Source material:
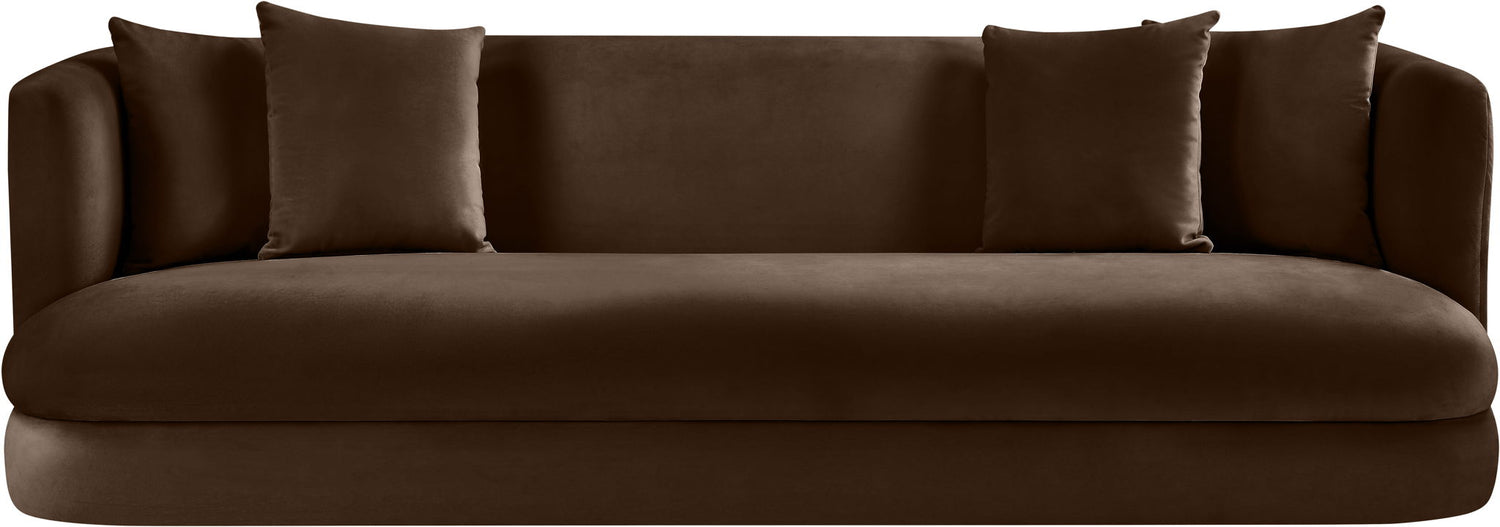 The Alder velvet upholstered sofa is an invitation to relax. Its rounded silhouette and soft velvet upholstery create a cozy and inviting space, perfect for stretching out and relaxing. Whether you're enjoying a quiet moment or hosting guests, this sofa is the perfect centerpiece for any living space.
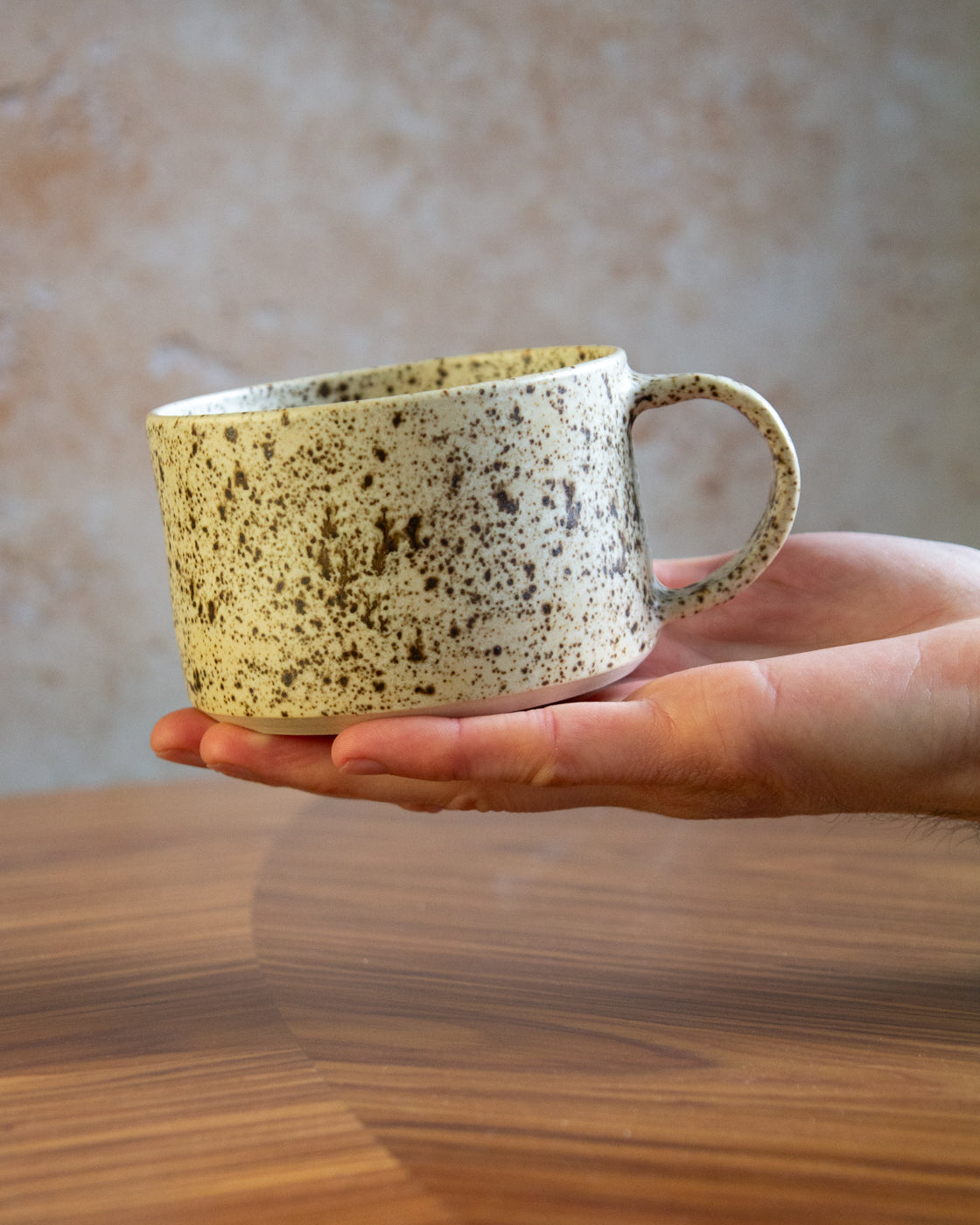 The perfect mug to use every day for your morning tea or coffee. Hand thrown on the pottery wheel from white stoneware clay and finished in speckled Rustic glaze.
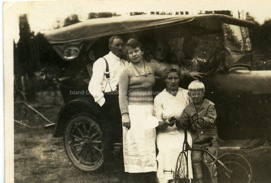 Eli Autio, Fannie Berg, Mary Autio, Walter Autio. Tricycle. People in the car are unknown. Oakland auto 1920.

Task directions:
Nothing but an exact copy of the data above, minus its pictures, should appear in the response.

Task answer:
 The Alder velvet upholstered sofa is an invitation to relax. Its rounded silhouette and soft velvet upholstery create a cozy and inviting space, perfect for stretching out and relaxing. Whether you're enjoying a quiet moment or hosting guests, this sofa is the perfect centerpiece for any living space.
 The perfect mug to use every day for your morning tea or coffee. Hand thrown on the pottery wheel from white stoneware clay and finished in speckled Rustic glaze.
 Eli Autio, Fannie Berg, Mary Autio, Walter Autio. Tricycle. People in the car are unknown. Oakland auto 1920.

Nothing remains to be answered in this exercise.